Data in HTML documents

  • Often we see data in HTML tables

    • sports or crimes or others statistics
  • How would you get data from an HTML table

    • copy the data and paste in Excel (demonstration: get data from nfl.com)
    • Excel is very useful, every one should learn it
    • but it could be very tricky to handle large data table
    • manual operation is always risky
  • Fortunately we can do it automatically using package XML

# install.packages("XML")
library(XML)

Scraping HTML tables

  • First inspect the data by going to the HTML link

    • chrome has nice features to do that
    • write click on the page and select inspect element
    • can examine all the tags, attributes and values
  • As you scroll your mouse over the elements it will highlight in the page

    • go to the respective table which contains the data
    • get the id for that table
  • Demonstration with getting passing yards data

Inspecting HTML tables

inspect-html

Case Study: Gathering data from NFL web site

u0 <- "http://www.nfl.com/stats/categorystats?tabSeq=0&"
u1 <- "season=2012&seasonType=PRE&experience=&Submit=Go&"
u2 <- "archive=true&conference=null&statisticCategory=PASSING&"

url1 <- paste(u0,u1,u2,"d-447263-p=1&qualified=false", sep="")
url2 <- paste(u0,u1,u2,"d-447263-p=2&qualified=false", sep="")
url3 <- paste(u0,u1,u2,"d-447263-p=3&qualified=false", sep="")

# Scan the table
tables1 <- readHTMLTable(url1) 
tables2 <- readHTMLTable(url2)
tables3 <- readHTMLTable(url3)

# In HTML codes id="result" contains the desired data
bd1 <- tables1$result
bd2 <- tables2$result
bd3 <- tables3$result

# combine the multiple pages of data together
nflData <- rbind(bd1,bd2,bd3)

Case Study: Gathering data from NFL web site

  • Apply your knowledge to clean and shape the data for display
names(nflData)
 [1] "Rk"      "Player"  "Team"    "Pos"     "\nComp"  "\nAtt"   "\nPct"  
 [8] "\nAtt/G" "\nYds"   "\nAvg"   "\nYds/G" "\nTD"    "\nInt"   "\n1st"  
[15] "\n1st%"  "\nLng"   "\n20+"   "\n40+"   "\nSck"   "\nRate" 
names(nflData) <- gsub("\n","",names(nflData))
is.factor(nflData$Rate)
[1] TRUE
nflData$Rate = as.numeric(as.character(nflData$Rate))
# get top 15 players based on Rating
datPlot <- nflData[order(nflData$Rate,decreasing=T)[1:15],]
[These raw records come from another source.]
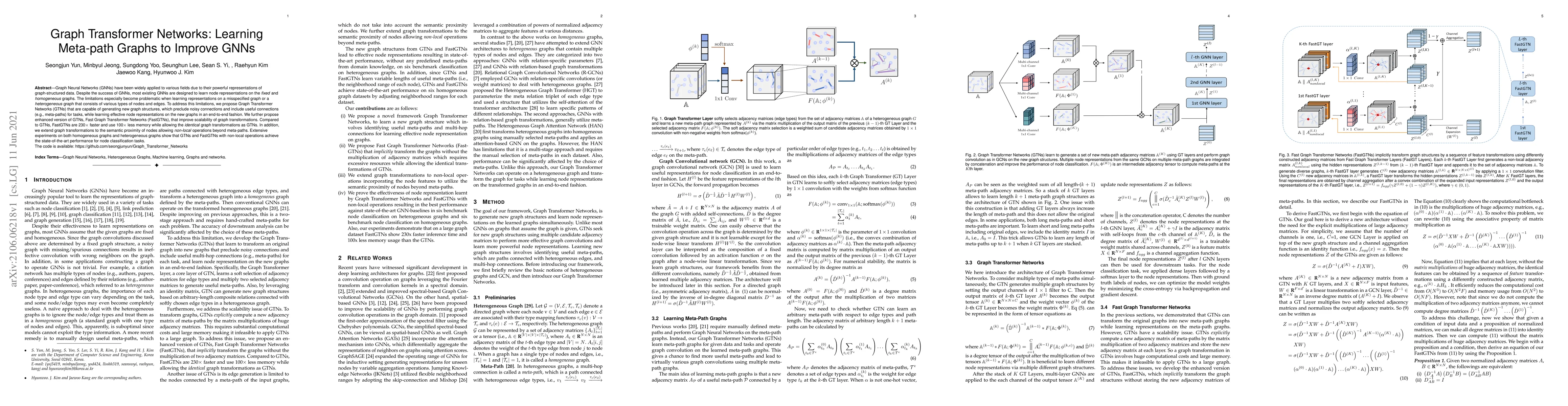 This paper proposes Graph Transformer Networks (GTNs) to improve Graph Neural Networks (GNNs) for heterogeneous and misspecified graphs by generating new graph structures that include useful connections. An enhanced version, FastGTNs, improves scalability while maintaining performance, achieving state-of-the-art results in node classification tasks.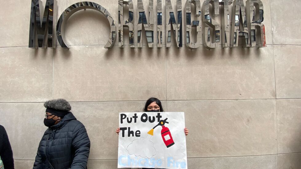 The West Side resident was among several dozen people — some also in wheelchairs — gathered outside Morningstar Inc.’s office, 22 W. Washington St., to protest founder Joe Mansueto’s plan to build an $80 million training facility for his Chicago Fire soccer team on a former public housing site.
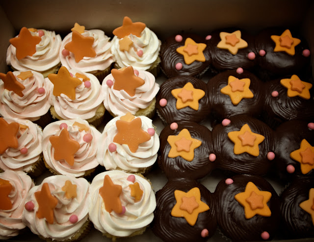 The first is for a hair client of mine: one of my oldest and most faithful. She is a nurse in an ICU, and from what I can tell her hospital is implementing a new program- or maybe just her floor- I dunno. All I do know is that she needed some cupcakes with stars atop them, and I told her I would deliver.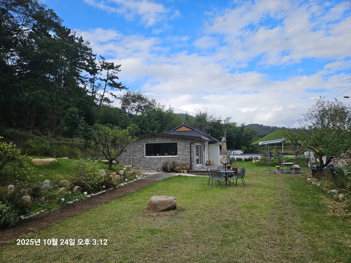 Hello! Our house is a single unit house in a quiet rural town of Gyeong-ju. It was built in 2017. In the garden, we are planting grass and flowers with pleasure. My home could be a peaceful place to rest of you with family or friends.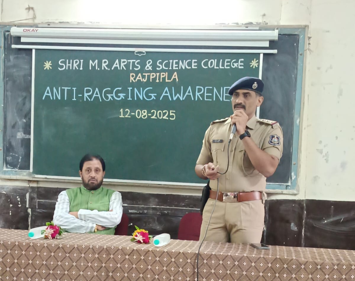 રાજપીપળાની એમ આર આર્ટસ એન્ડ સાયન્સ કોલેજમાં એન્ટીરાગિંગ વિષય અનુરૂપ જાગૃતિ વ્યાખ્યાનનું આયોજન કરવામાં આવ્યું હતું. કાર્યક્રમનો મુખ્ય હેતુ વિદ્યાર્થીઓને રેગિંગના ગેરકાયદેસર કૃતિઓ અને તેના ગંભીર કાયદાકીય પરિણામો વિશે માહિતગાર કરવાનો હતો જેથી કોલેજ કેમ્પસમાં ભયમુક્ત અને સુરક્ષિત શૈક્ષણિક વાતાવરણ જાળવી શકાય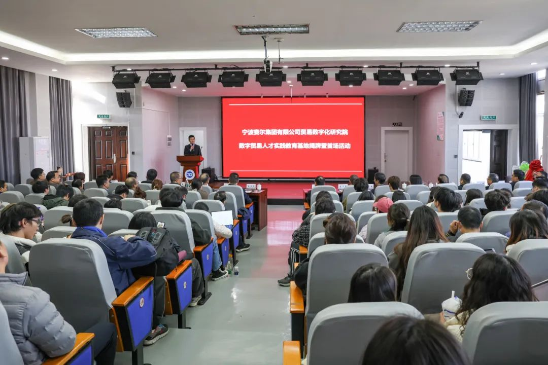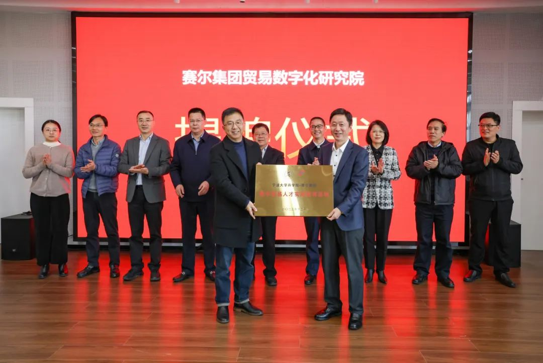 12月13日,由国贸系与宁波赛尔集团共同举办的宁波赛尔集团有限公司贸易数字化研究院暨数字贸易人才实践教育基地揭牌活动在 91沈先生 501报告厅举行。来自校内师生代表及校外嘉宾共180多位参与此次活动。其中校内外嘉宾主要有宁波市政府发展研究中心主任张健、91沈先生 党委副书记赵全军、宁波市工商联副主席吴益统、宁波市工商联副主席、赛尔集团董事长徐平炬、浙江大学中国数字贸易研究院院长马述忠、91沈先生 党委书记史宏协、民建宁波市委会副主委、91沈先生 国际贸易所所长杨丽华、市工商联研究室主任陈斌、一级主任科员孟云飞、市商务局服务贸易处处长鲍伟伟、市贸促会贸易促进部部长徐志伟、赛尔集团副总裁方永强、赛尔集团市场研究部总经理兼贸易数字化研究院院长孟祥龙、赛尔集团信息技术部副总经理纪福建、宁波东方理工大学助理教授金鑫等领导和嘉宾出席仪式。国贸系参与此次活动的教师代表还有系主任丛海彬教授,青年教师有夏良科、伍湘陵、钟建军及王腾飞。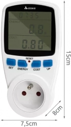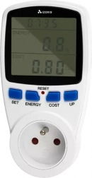 Inteligentny miernik zużycia energii pomoże wykryć wymagające urządzenia i zoptymalizować zużycie w domu lub biurze. Dzięki przejrzystemu wyświetlaczowi LCD widzisz napięcie (V), prąd (A), częstotliwość (Hz), moc bieżącą oraz minimalną i maksymalną (W), pobraną energię (kWh), a po wprowadzeniu taryfy także dokładne koszty.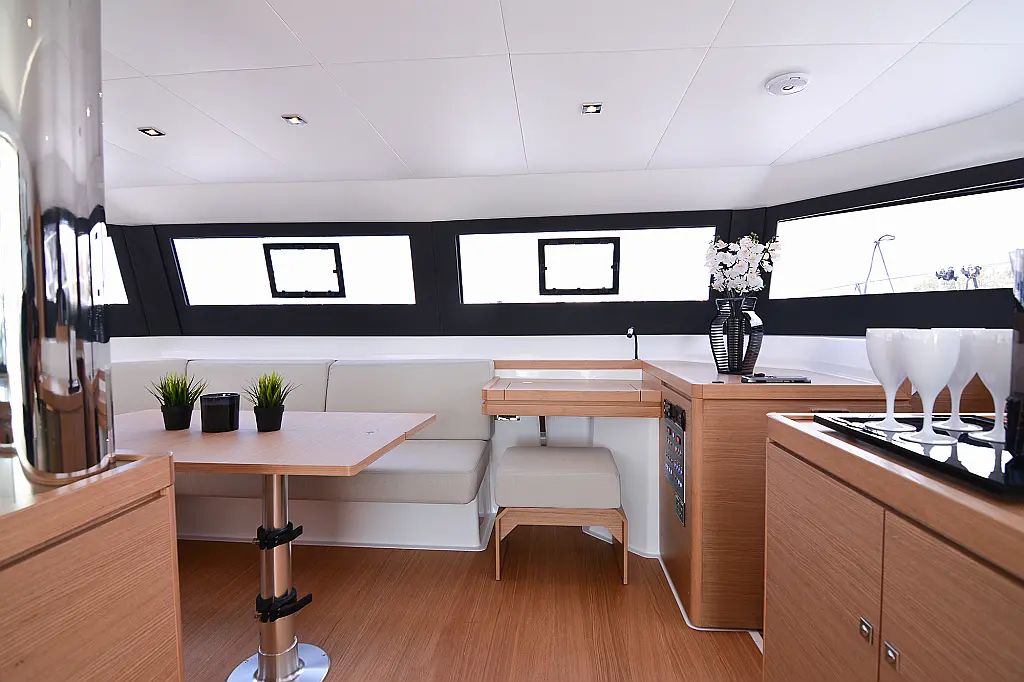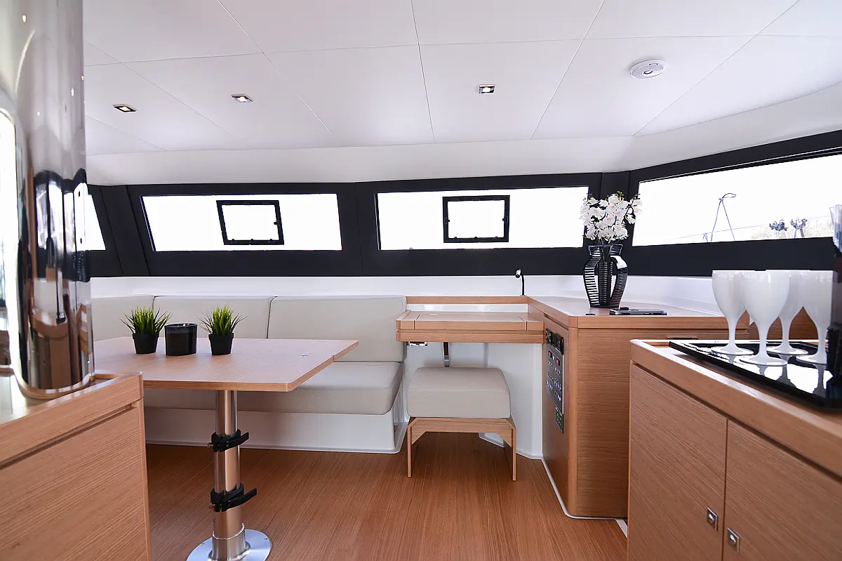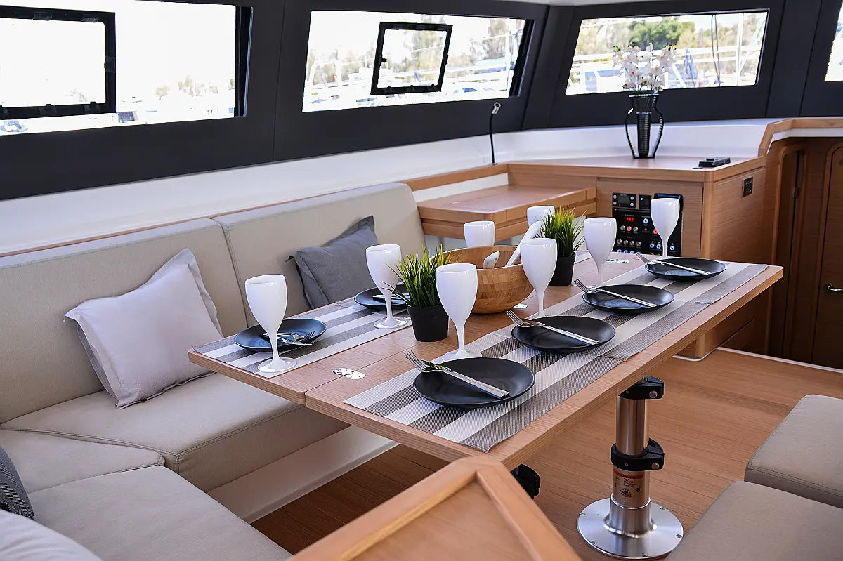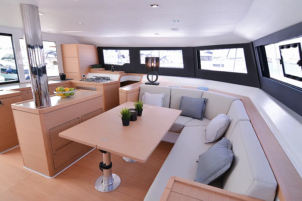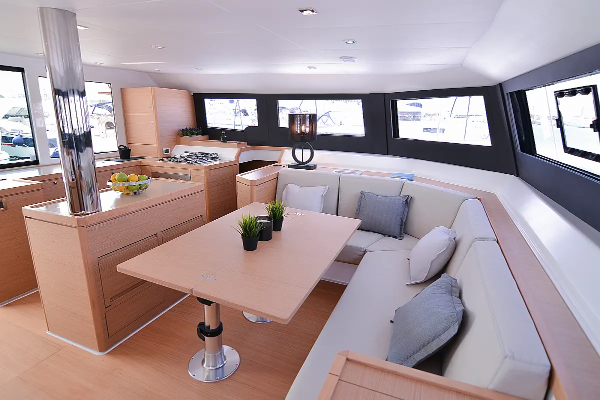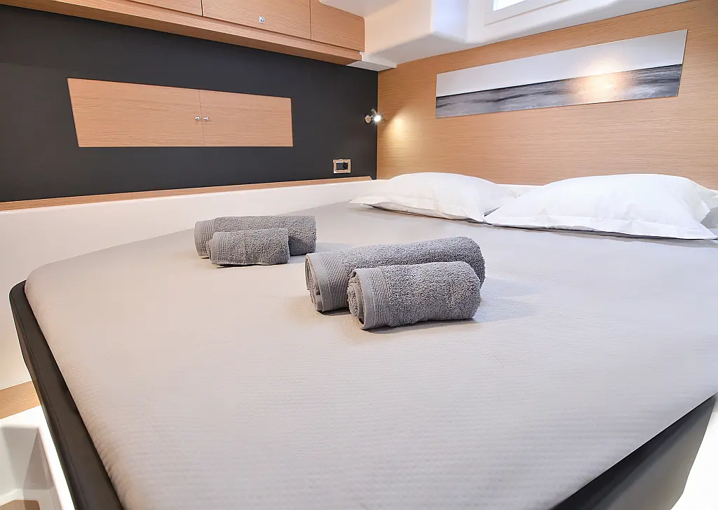 Flybridge, Grill im Cockpit, Kühlschrank, Kaffeemaschine, Generator, Wassermacher, Inverter, Bimini, Außenbordmotor, Beiboot, Klimaanlage, Cockpit-Kissen, Lautsprecher im Cockpit, Teak Cockpit, Wi-Fi und Internet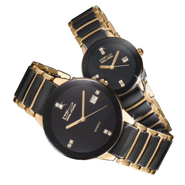 A bold fusion of black ceramic and stainless steel finished in yellow gold or steel finish to make a powerful statement. This striking combination of black and gold, exudes a refined sophistication that is both modern and timeless. The black dial serves as the perfect backdrop for the 7 Diamondeau®, flawless simulated diamond, precisely set at 12, 3, 6 & 9 o’clock positions. Functional and stylish the watch features a handy date window, keeping you on schedule and informed at a glance. Designed for the discerning man or stylish woman that values both form and function.

Case Study: Gathering data from NFL web site

ggplot(datPlot, aes(reorder(Player,Rate), Rate)) + 
  geom_point(stat = "identity") + coord_flip() + theme_bw()+
  ylab("Rating") + xlab("Player")

plot of chunk unnamed-chunk-5

Gathering twitter data

  • twitter provides API to obtain tweets information

  • Use R package twitteR to extract and work with twitter data

    • you can search specific tweets by person, location, topic etc.
    • analyse re-tweets
    • install twitteR from github not CRAN what you usually do
  • twitter data some times provides interesting information about current incidents

  • Challenge is how to handle various languages and grammar or spelling

    • some times it is highly misleading to decide based on one language
    • in tweets many people don't care about spelling or mixing language

Setting up twitter API

#install.packages(c("devtools", "rjson", "bit64", "httr"))
library(devtools)
#install_github("twitteR", username="geoffjentry")
library(twitteR)

api_key <- "your api key"  
api_secret <- "your api secret" 
access_token <- "your access tocken"
access_token_secret <- "your access tocken secret"

setup_twitter_oauth(api_key,api_secret,access_token,
                    access_token_secret)
[1] "Using direct authentication"

Case Study: Getting the tweets about data science

dsTweet <- searchTwitter("data science")
dfTweet <- twListToDF(dsTweet)
tweetText <- dfTweet$text
head(tweetText)
[1] "RT @KirkDBorne: Get the 1-page R Survival Guides for #DataScientists: http://t.co/s1nfEdr7rx #abdsc #BigData #Analytics #Rstats http://t.co…"
[2] "RT @Steve_Burkett: #Football Scouting actually is a science not rocket science but does require advanced data analysis techniques to be suc…"
[3] "RT @Steve_Burkett: #Football Scouting actually is a science not rocket science but does require advanced data analysis techniques to be suc…"
[4] "RT @KirkDBorne: Get the 1-page R Survival Guides for #DataScientists: http://t.co/s1nfEdr7rx #abdsc #BigData #Analytics #Rstats http://t.co…"
[5] "Reminder for Today's  Event http://t.co/rc0BYMMFkd"                                                                                          
[6] "RT @Steve_Burkett: #Football Scouting actually is a science not rocket science but does require advanced data analysis techniques to be suc…"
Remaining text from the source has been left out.